Foto: Stadsarchief Amsterdam

Goede oplossingen kwamen van Kees Huyser, Ria Scharn, Marike Muller, Herman Schim van der Loeff, Anthony Kolder, Harald Advokaat, Anneke Huijser, Willem Blok, Fons Baede, Otto Meyer, Arjen Lobach, Fanta Voogd, Dirk Fuite, Han Mannaert, Mike Man, Ton Brosse, Harry Snijder, Dennis Dwinger, Aschwin Merks, Lidy Vendrik, Jan Snijders, Hans Olthof, Thomas Gravemaker, Hans van Efferen, Jos Mol, Jan Burgers,

Fotoquiz: Anneke's keuze

De keuzefoto betreft deze week een locatie binnen de Singelgracht.

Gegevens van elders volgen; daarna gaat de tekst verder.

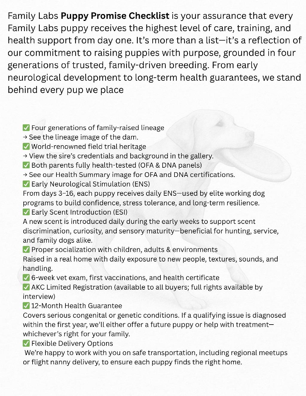 Every Family Labs puppy comes with a written 12-month health guarantee covering serious genetic or congenital conditions that significantly affect quality of life. We can provided specifics regarding the guarantee if you are interested.
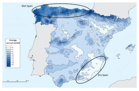 Spain offers an ideal study setting due to its severe hydric imbalance between short- and long-term water supply and demand [58]. Water resources in Spain are highly non-uniformly distributed, with remarkable differences between the north-Atlantic area (‘wet Spain’) and the south-eastern area (‘dry Spain’) (Figure 1). The north-Atlantic area has an average annual rainfall of 1,800 mm, whereas the average annual rainfall in Spain is 636 mm. In contrast, in south-eastern Spain, average annual rainfall is 290 mm. This part of Spain therefore lies in the top quartile of the world’s driest countries [59].

Anneke vond deze foto toen ze op zoek was naar iets heel anders... dat bolwerk van twee weken terug. Best een interessant plaatje voor de quiz, dacht ze. Een heleboel te zien en te vragen. Daar gaat we:

Welke molen zien we?
Op welk bolwerk stond hij?
Welke kerk zien we?
Welke school of instituut zien we?

Dat is een ingewikkelde vraag, die laatste, en dat vraagt om uitleg. Op de foto staat een school afgebeeld die later andere bestemmingen kreeg. Eén van die laatste bestemmingen bedoelen we, of de naam/nummer van de school natuurlijk.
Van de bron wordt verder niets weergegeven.